Briefly, there were several associations between GDF11 levels in CSF and cognitive functions assessed by sensitive computerized tests. GDF11 levels in CSF were positively associated with psychomotor performance and attention, visual learning, as well as learning and working memory (p<0.05). Visual memory was also associated with CSF levels of GDF11/GDF8 (r=0.40, p=0.049). On the other hand, running-induced change in serum GDF11/GDF8 levels correlated positively with reaction time in two computerized tests (Memtrax/CogState; r=0.52/0.65, p=0.055/0.012), and negatively with learning and working memory (r=-0.65, p=0.011).
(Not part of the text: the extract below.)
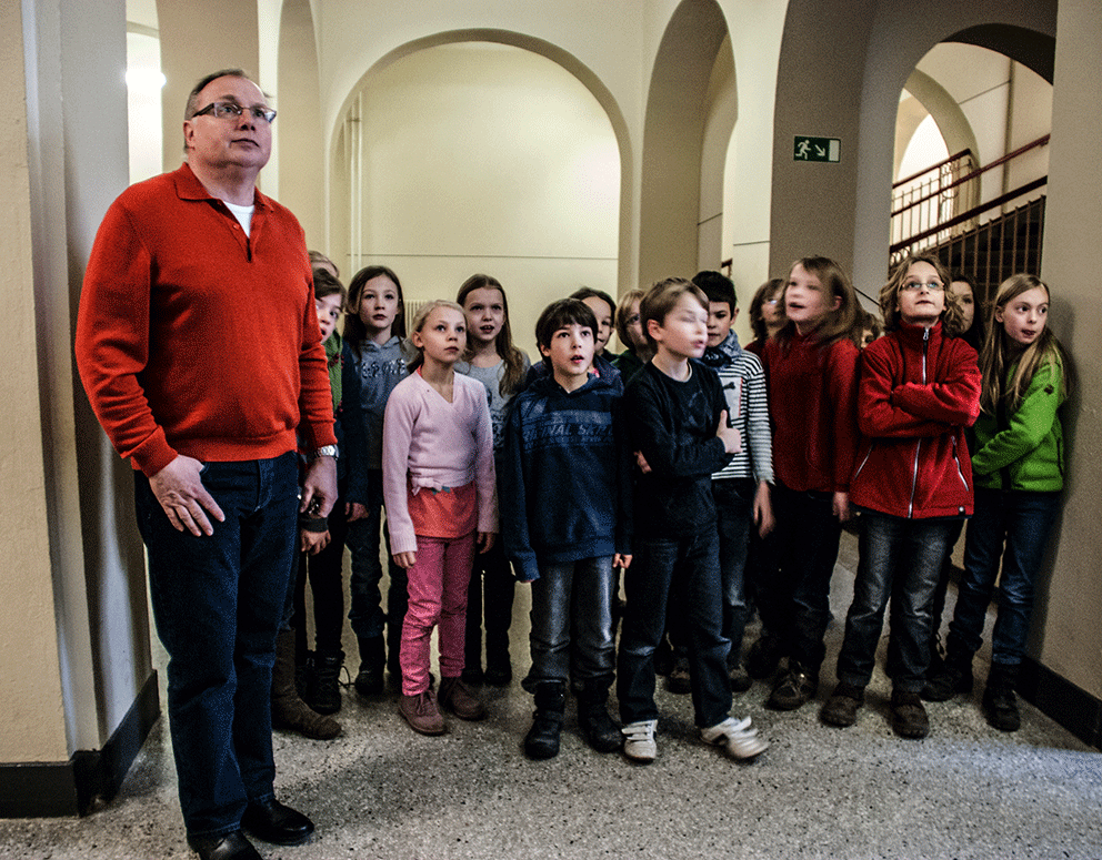 Zur Bilanzkonferenz von „Köpfchen statt Kohle“ am 15. April in der Falkplatzschule stießen zwei Welten aufeinander. Hier die erwachsenen Verantwortungsträger – Politiker, Verwaltungsleute, Experten und Schulleiter, dort Fünft- und Sechstklässler aus drei Grundschulen, die bei „Köpfchen statt Kohle“ mitmachen. Was den Schülerinnen und Schüler rhetorisch noch gefehlt haben mag, glichen sie jedoch leicht durch Engagement und Authentizität aus. Als drei Jungs aus der Grundschule am Kollwitzplatz berichteten, dass sie jede Woche dienstags schon um 7 Uhr in der Schule sind, um ihr Energiesparprojekt voranzubringen, ernteten sie verblüfften Applaus. Was mag die jungen Menschen nur motivieren?

Running-induced change in serum GDF11 was positively associated with body fat (p=0.022) and negatively with muscle mass (p=0.011). Furthermore, it correlated positively with serum insulin immediately after the run (p<0.01) as well as with running-induced change in serum insulin (p=0.024). Running-induced change in GDF11 in CSF correlated negatively with change in serum insulin 60 min after run (p=0.015). Lower serum lactate before run (baseline) was associated with higher GDF11 levels in serum after an acute exercise bout (p<0.05), as well as with a greater running-induced decrease in GDF11 (p=0.01) and GDF11/GDF8 in CSF (p=0.05). Similarly, lower baseline serum creatinkinase was linked with a greater running-induced change in serum GDF11 (p=0.045). Adiponectin, adipokine with a neuroprotective potential which we showed to be regulated by acute intensive exercise (16), was positively associated with levels of GDF11 in CSF, but only at baseline (before run) (p=0.009). Furthermore, there was a positive correlation between running-induced changes in CSF levels of GDF11 and adiponectin (p=0.028). In serum, on the other hand, the positive associations between adiponectin and GDF11 levels or their running-induced changes were present only immediately after the run (p<0.05). Baseline CSF/serum albumin ratio, an indicator of the blood-brain barrier permeability, correlated negatively with GDF11 serum levels before (p=0.042) as well as after the run (p<0.04), with a trend for GDF levels in CSF at baseline (p=0.075).